The technical architecture reflects the same clarity of thinking. A modular design separates perception, reasoning, and interaction layers, allowing different AI techniques, including machine learning, heuristic methods, and optimisation algorithms, to be composed, tested, and verified. This hybrid model is not a compromise; it is the architecture that makes real-world deployment possible. Upgrades and new AI capabilities can be introduced in service without re-architecting the underlying system, giving Gripen a genuine capacity to evolve throughout its operational lifecycle.
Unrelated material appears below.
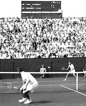 But from that point on, the 24-year-old--who would turn 25 on August 16th--had one of the best competitive years in tennis history. In Paris, Trabert. the top seed, defended the title he won the year before downing the No. 11 seed Sven Davidson of Sweden, 2-6, 6-1, 6-4, 6-2. He and Seixas again won Roland Garros doubles, this time subduing the Italian tandem, Nicola Pietrangeli and Orlando Sirola, 6-1, 4-6, 6-2, 6-4.
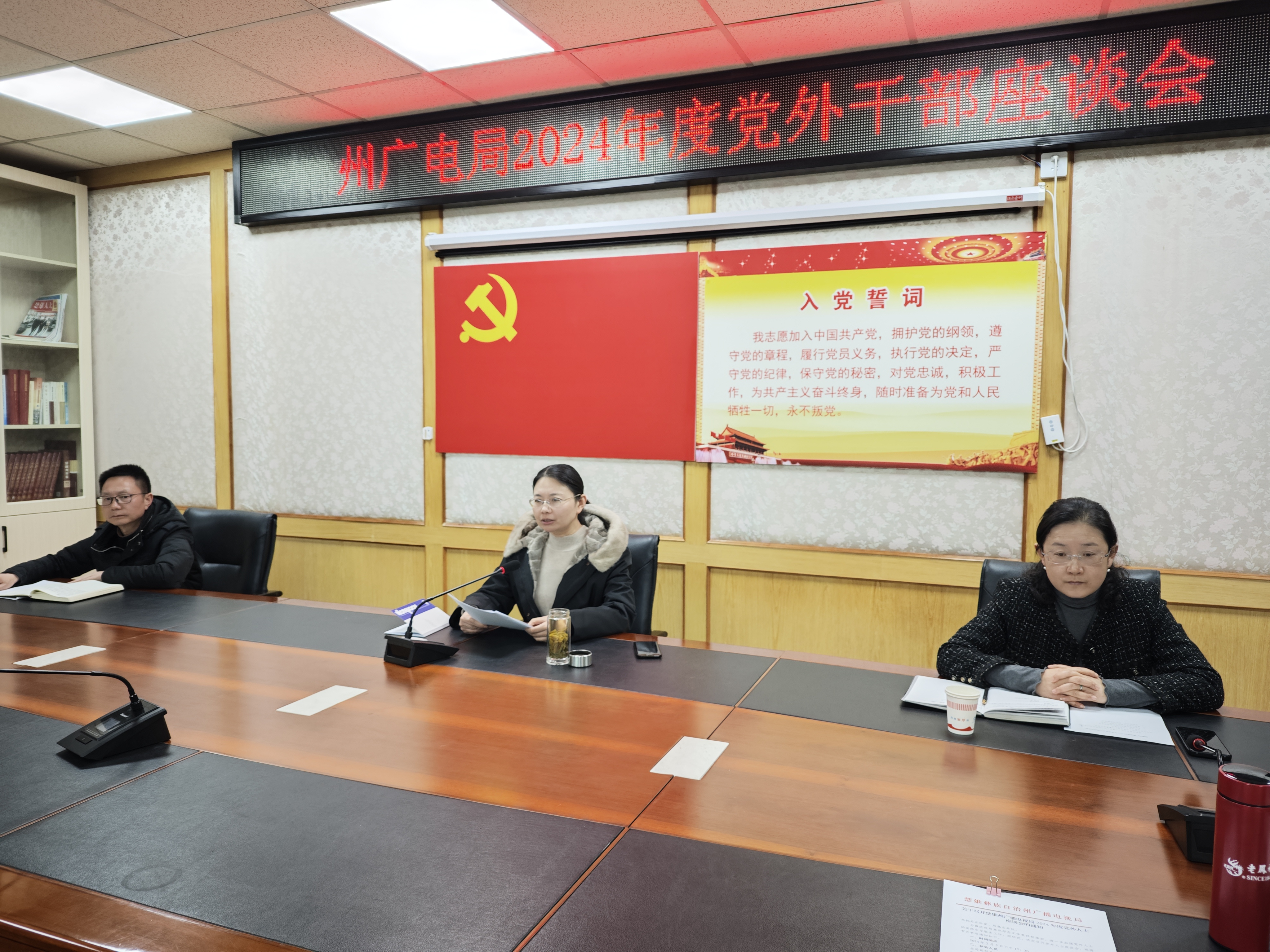 2月5日下午,州广电局召开2024年度党外干部座谈会。全局副科级及以上干部、局属州无线传发总台、州事业建设和安全播出监测中心全体党外人士参加本次座谈会。州广电局党组书记、局长何媛媛出席,局党组成员、副局长朱晓丹主持会议。

The impact is already visible. In evaluation and exercise scenarios, pilots report significantly reduced cognitive load and improved situational awareness in dense, multi-domain environments. Mission effectiveness improves through faster, higher-quality decisions, more efficient use of weapons and sensors, and better coordination with other assets. Crucially, the same AI building blocks that operate in the live aircraft are reused in ground-based mission support systems and high-fidelity simulation environments. This creates a continuous learning loop across training, development, and live test operations, compressing the cycle between operational insight and capability improvement.
By taking AI all the way from research into a certified, operational fighter aircraft, Saab has done something that very few organisations in the world have achieved. And because the underlying framework is modular, scalable, and platform-agnostic, Gripen represents more than a combat aircraft. It is a reference implementation for how AI can be responsibly, rigorously, and progressively embedded into safety-critical systems across air, land, and sea domains. That is the standard Saab is setting, and it is one that the broader data and AI community should know about.